The current grammar looks like this:
(rule $Dir (from) (ConstantFn (lambda x (call + (string "place of departure") (string :)(var x)))))
(rule $From ($Dir $City) (JoinFn forward))
(rule $Dir (to) (ConstantFn (lambda x (call + (string "arrival location") (string :)(var x)))))
(rule $To ($Dir $City) (JoinFn forward))
(rule $Part (by) (ConstantFn (lambda x (call + (string "transportation") (string :)(var x)))))
(rule $By ($Part $Transport) (JoinFn forward))
(rule $Transport (plane) (ConstantFn (string plane)))

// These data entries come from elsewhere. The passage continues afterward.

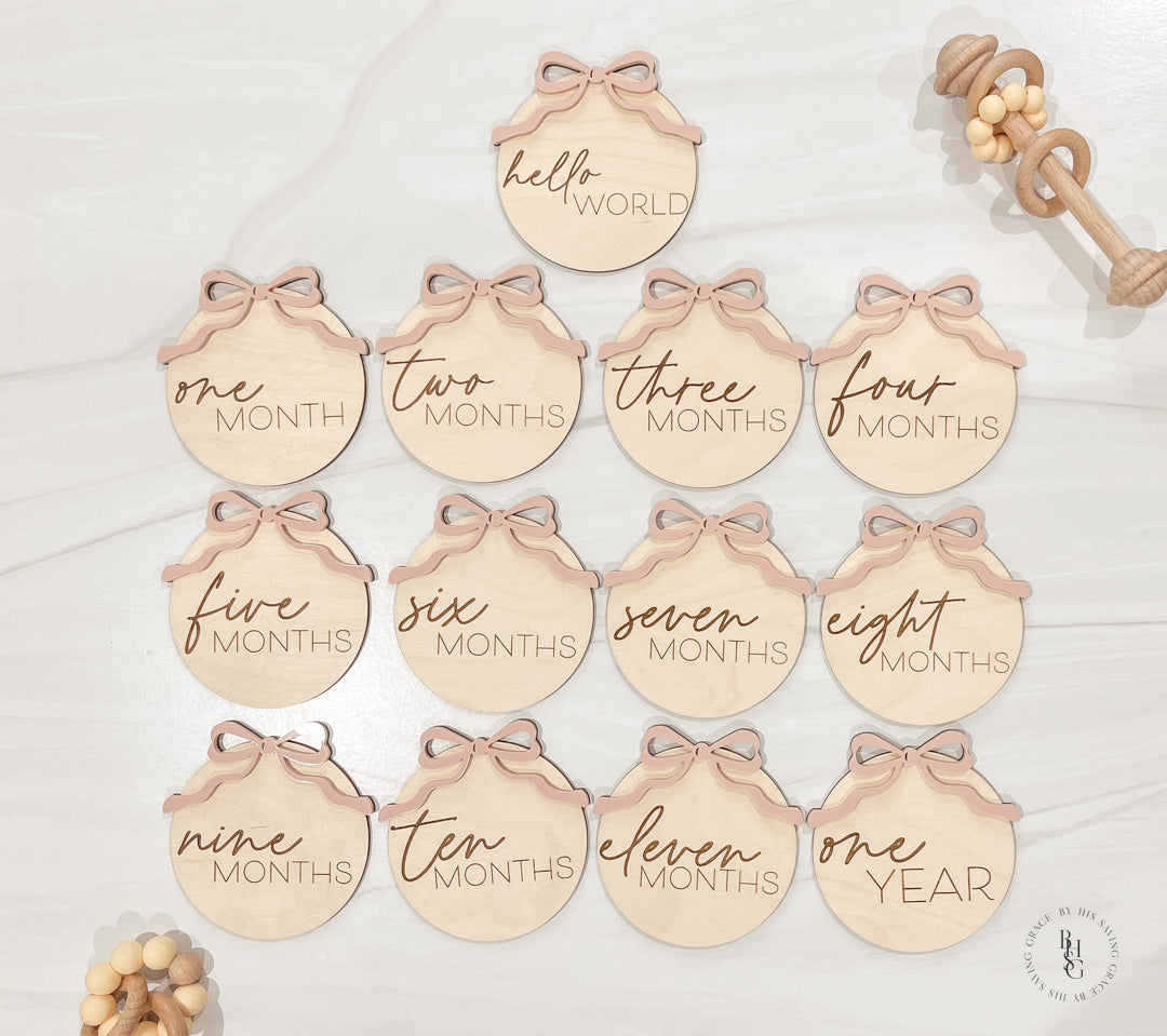 Bow Wooden Monthly Milestone Discs For Baby Photos
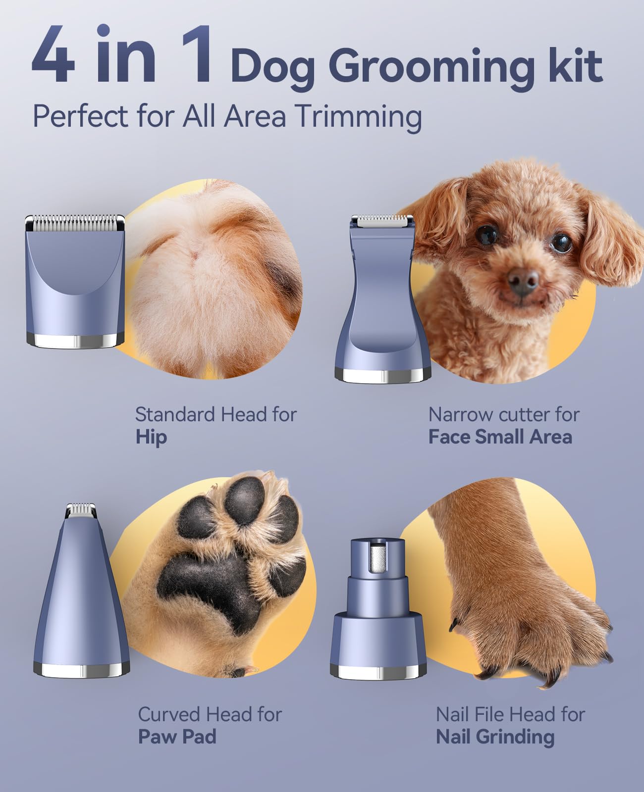 Oneisall Dog Clippers Grooming Kit 4 In 1, Low Noise Dog'S Paw Trimmer&Nail Grinder,Ipx7 Waterproof Cordless Puppy Trimmer Shave
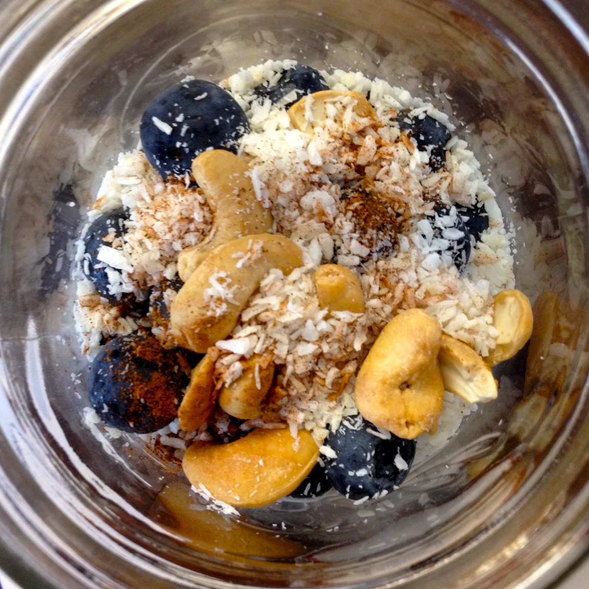“Blueberry Cashew” – fresh blueberries, dried unsweetened coconut, roasted cashews and cinnamon.
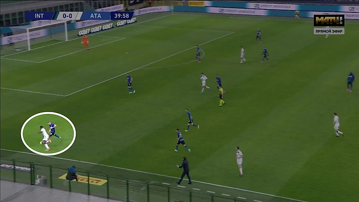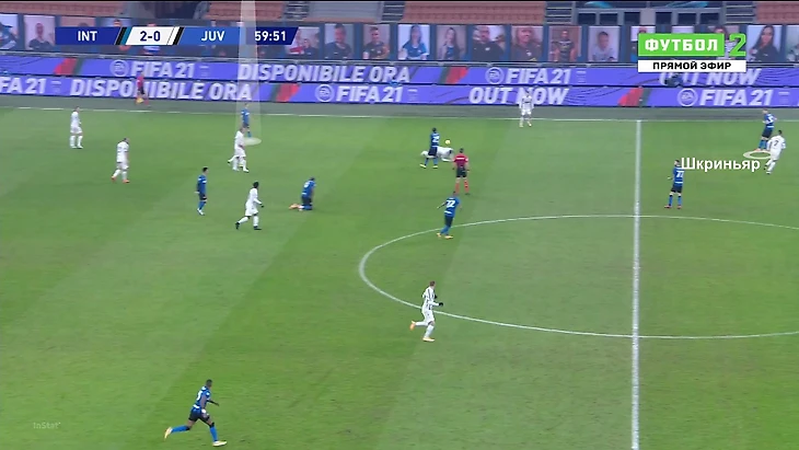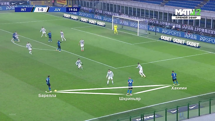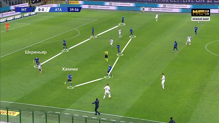 Тут «Интер» встречает атаку «Юве» сразу после потери. Хакими высоко и не спешит назад. Шкриньяру нужно как минимум притормозить атаку:
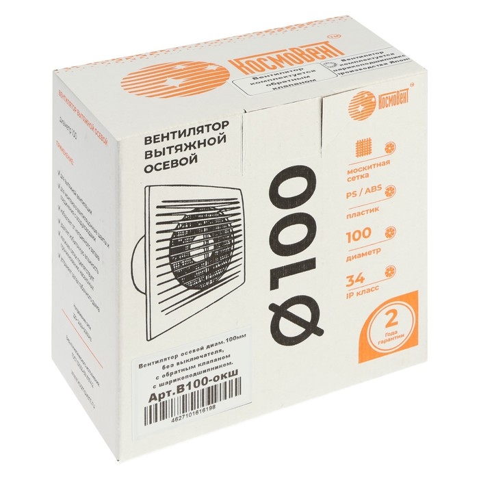 Вентилятор вытяжной "КосмоВент" В100-окш, d=100 мм, 144 м³/ч, без выключ, обр клапан, подш
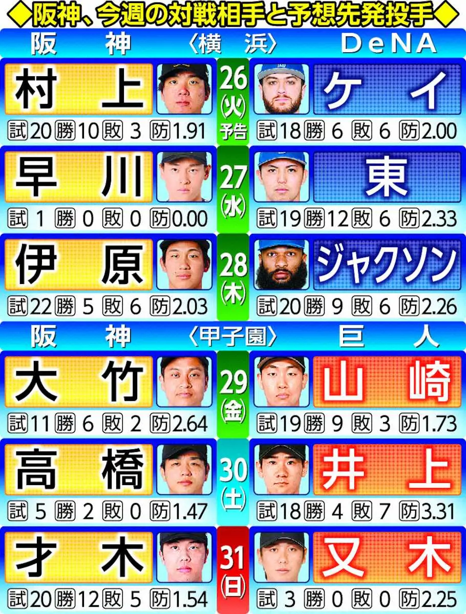 26日DeNA戦、先陣を切るのは村上だ。ローテ再編に伴い、中9日を空けてカード頭を託された。「(間隔)空けてもらっているので、言い訳はない。万全で臨める」と気合い十分。まずはここで1勝し、早川、伊原のルーキーコンビにバトンを渡したい。対するDeNAはケイが先発。今季は阪神戦で5戦未勝利ながら防御率0・82としている。
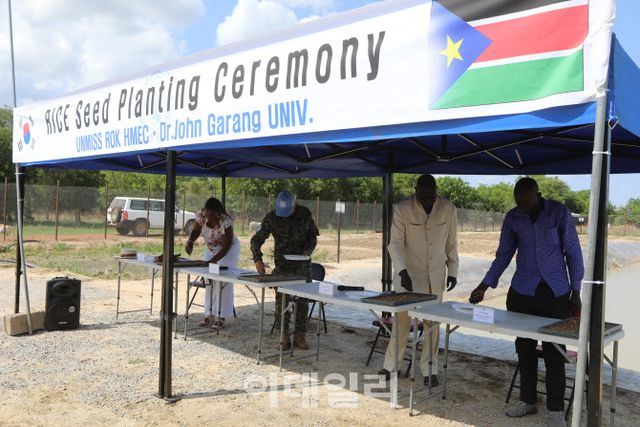이에 따라 2022년부터 파병 준비 기간 중 일부 부대원은 농촌진흥청 지원으로 벼농사 교육을 받고 있다. 지난해 7월에는 벼 시험 재배를 위해 존가랑 대학교와 업무협약을 체결하고 10월부터 남수단에서 최초로 모내기 방법을 적용한 벼농사를 시작했다.
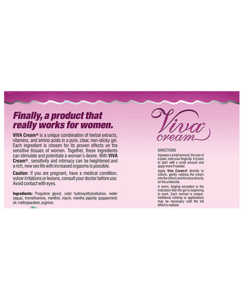 Viva Cream® Whether 18 or 80, women are seeking ways to enrich their life and bring more passion and intimacy into their relationships. Studies show up to 50% of women will experience a sexual dysfunction in their life and that the majority of women do not achieve orgasm from intercourse alone. If orgasm is achieved, it is most often due to clitoral stimulation. Now, with Viva Cream®, sensitivity and intimacy may be heightened and a new rich orgasmic sexlife is possible. Viva Cream® is a unique combination of herbal extracts, vitamins, and amino acids in a clear, non-sticky gel. Each ingredient has been chosen for its proven effects on the sensitive tissues of women. Using Viva Cream® may stimulate and potentiate a woman's desire, aiding in intensifying arousal. Viva Cream® is made for the demands of every woman who wants more.

(rule $Transport (train) (ConstantFn (string train)))
(rule $City (hamburg) (ConstantFn (string hamburg)))
(rule $City (stuttgart) (ConstantFn (string stuttgart)))
(rule $City (frankfurt) (ConstantFn (string frankfurt)))
(rule $City (munic) (ConstantFn (string munic)))
(rule $City (hannover) (ConstantFn (string hannover)))
(rule $ROOT ($From) (IdentityFn))
(rule $ROOT ($To) (IdentityFn))
(rule $ROOT ($By) (IdentityFn))
and manages to parse e.g. "from munic" into "(string "place of departure:munic")
- though it for some reason returns the same derivation tree twice here - , but I haven't
found a way to parse a combination of the categories $From, $To and $By.
Adding the rule
(rule $ROOT ($From $By) (ConcatFn ""))
and entering "from munic by train" returned (string nullnull). Is there a way? thanks!